*** Begin section ***

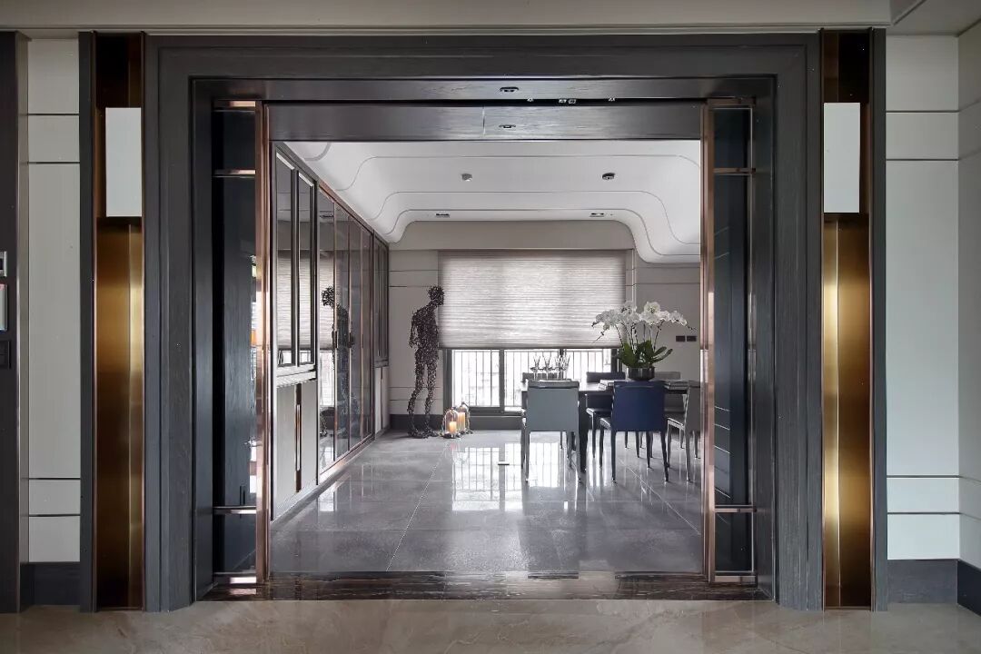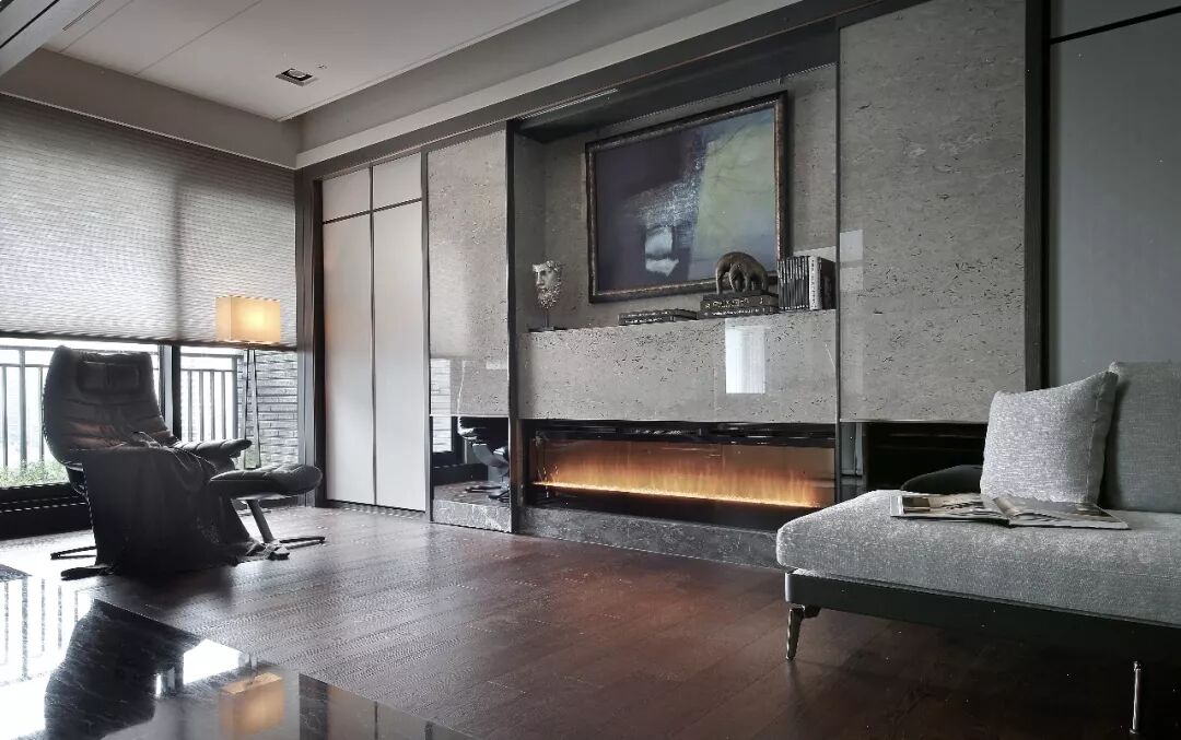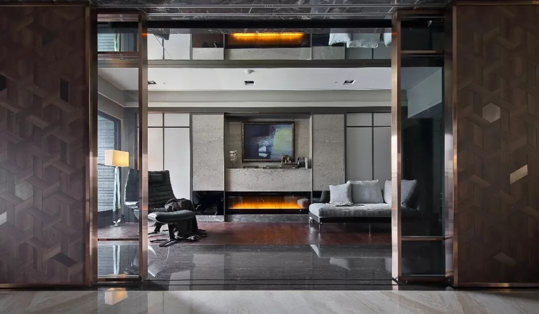 ▲工艺拉门内的半透明黑色玻璃可让视觉无限延伸,开门即见温暖壁炉迎接主人。
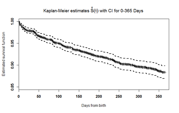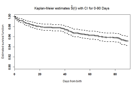 The survival function for the three periods was estimated using Kaplan-Meier Method and is given in Figure 1-3. The survival curve estimates the probability of mortality at particular day. The line marking on the survival curve indicates the censored lambs and outer dotted lines represent the confidence interval for estimated survival function.
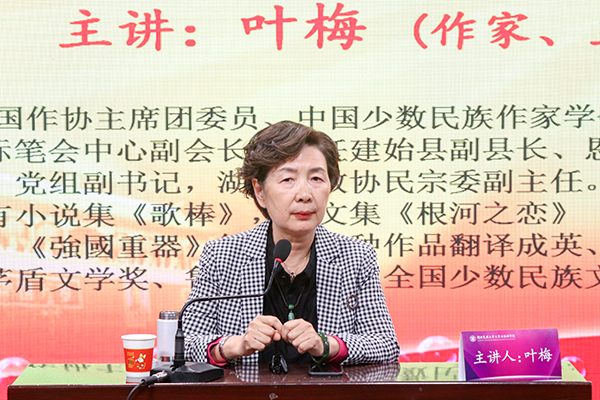 讲座伊始,叶梅谈到,她的到来是为鄂西人民“履职”,作为“恩施的女儿”,她希望可以报效鄂西地区,传播乡愁文化。随后,叶梅作文学报告,她指出文学是记录善、鞭打恶的艺术。在提及民族文学时,她表示自己早期文学创作是对民族文学的解读,她呼吁文学创作者需肩负起保护民族文学、唤醒民族意识以及促进民族团结的重任。同时,她以自己的作品《五月飞蛾》中农村女青年进入城市不断奋斗的故事为例,提出经典文学作品永不过时、值得每一代人学习的观点。
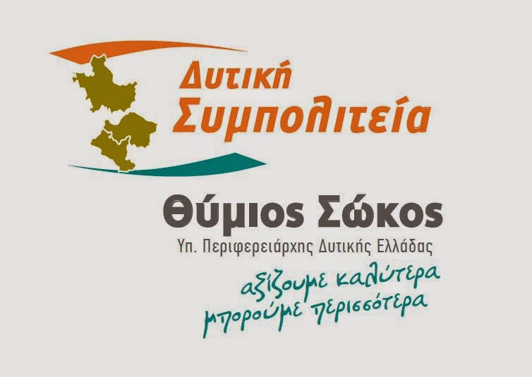 «ΔΥΤΙΚΗ ΣΥΜΠΟΛΙΤΕΙΑ» είναι ο τίτλος του συνδυασμού του υποψηφίου περιφερειάρχη Δυτικής Ελλάδας, Θύμιου Σώκου, που παρουσιάστηκε σήμερα (Παρασκευή 11 Απριλίου 2014) στην Πάτρα στην «Αγορά Αργύρη».
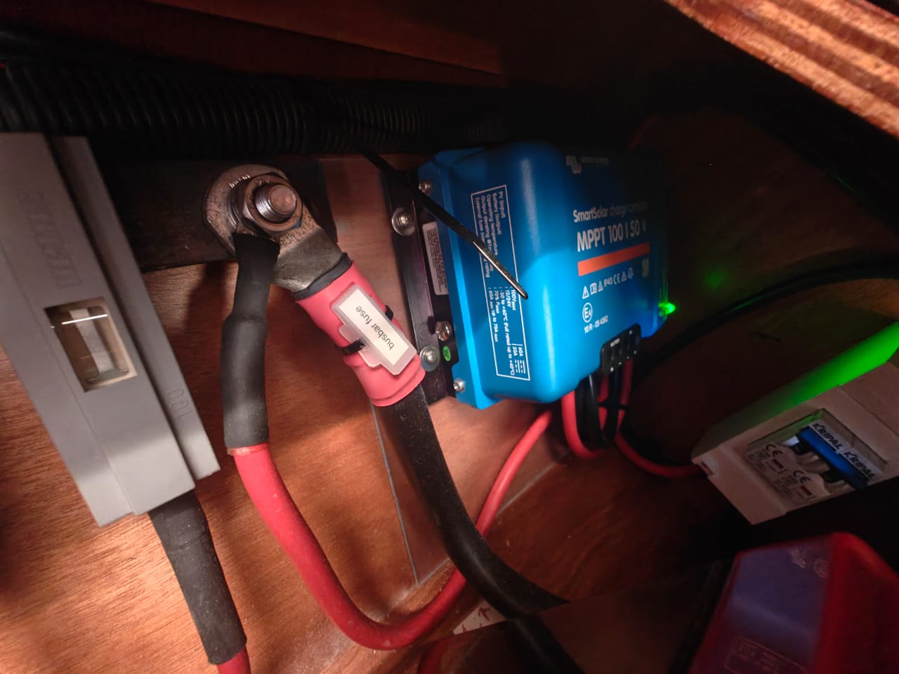 - Inverter: Victron 150 W inverter; Victron battery monitor and electronic control panel; shore‑power inlet
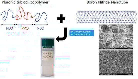 Boron nitride nanotubes were supplied from the High-Enthalpy Plasma Research Center at Chonbuk National University (Iksan, Republic of Korea). Anhydrous ethanol was purchased from Sigma-Aldrich (Seoul, Republic of Korea). The amphiphilic triblock copolymer Pluronic F127 was purchased from Sigma-Aldrich and Pluronic P85 was obtained from BASF. H2O was used as deionized water. D2O was purchased by Cambridge Isotope Laboratories, Inc. (Tewksbury, MA, USA).

*** End section ***

* **WHAT TO WORK ON**
Exclude the pictures and repeat the entries word for word.

* **RESULT**
 ▲工艺拉门内的半透明黑色玻璃可让视觉无限延伸,开门即见温暖壁炉迎接主人。
 The survival function for the three periods was estimated using Kaplan-Meier Method and is given in Figure 1-3. The survival curve estimates the probability of mortality at particular day. The line marking on the survival curve indicates the censored lambs and outer dotted lines represent the confidence interval for estimated survival function.
 讲座伊始,叶梅谈到,她的到来是为鄂西人民“履职”,作为“恩施的女儿”,她希望可以报效鄂西地区,传播乡愁文化。随后,叶梅作文学报告,她指出文学是记录善、鞭打恶的艺术。在提及民族文学时,她表示自己早期文学创作是对民族文学的解读,她呼吁文学创作者需肩负起保护民族文学、唤醒民族意识以及促进民族团结的重任。同时,她以自己的作品《五月飞蛾》中农村女青年进入城市不断奋斗的故事为例,提出经典文学作品永不过时、值得每一代人学习的观点。
 «ΔΥΤΙΚΗ ΣΥΜΠΟΛΙΤΕΙΑ» είναι ο τίτλος του συνδυασμού του υποψηφίου περιφερειάρχη Δυτικής Ελλάδας, Θύμιου Σώκου, που παρουσιάστηκε σήμερα (Παρασκευή 11 Απριλίου 2014) στην Πάτρα στην «Αγορά Αργύρη».
 - Inverter: Victron 150 W inverter; Victron battery monitor and electronic control panel; shore‑power inlet
 Boron nitride nanotubes were supplied from the High-Enthalpy Plasma Research Center at Chonbuk National University (Iksan, Republic of Korea). Anhydrous ethanol was purchased from Sigma-Aldrich (Seoul, Republic of Korea). The amphiphilic triblock copolymer Pluronic F127 was purchased from Sigma-Aldrich and Pluronic P85 was obtained from BASF. H2O was used as deionized water. D2O was purchased by Cambridge Isotope Laboratories, Inc. (Tewksbury, MA, USA).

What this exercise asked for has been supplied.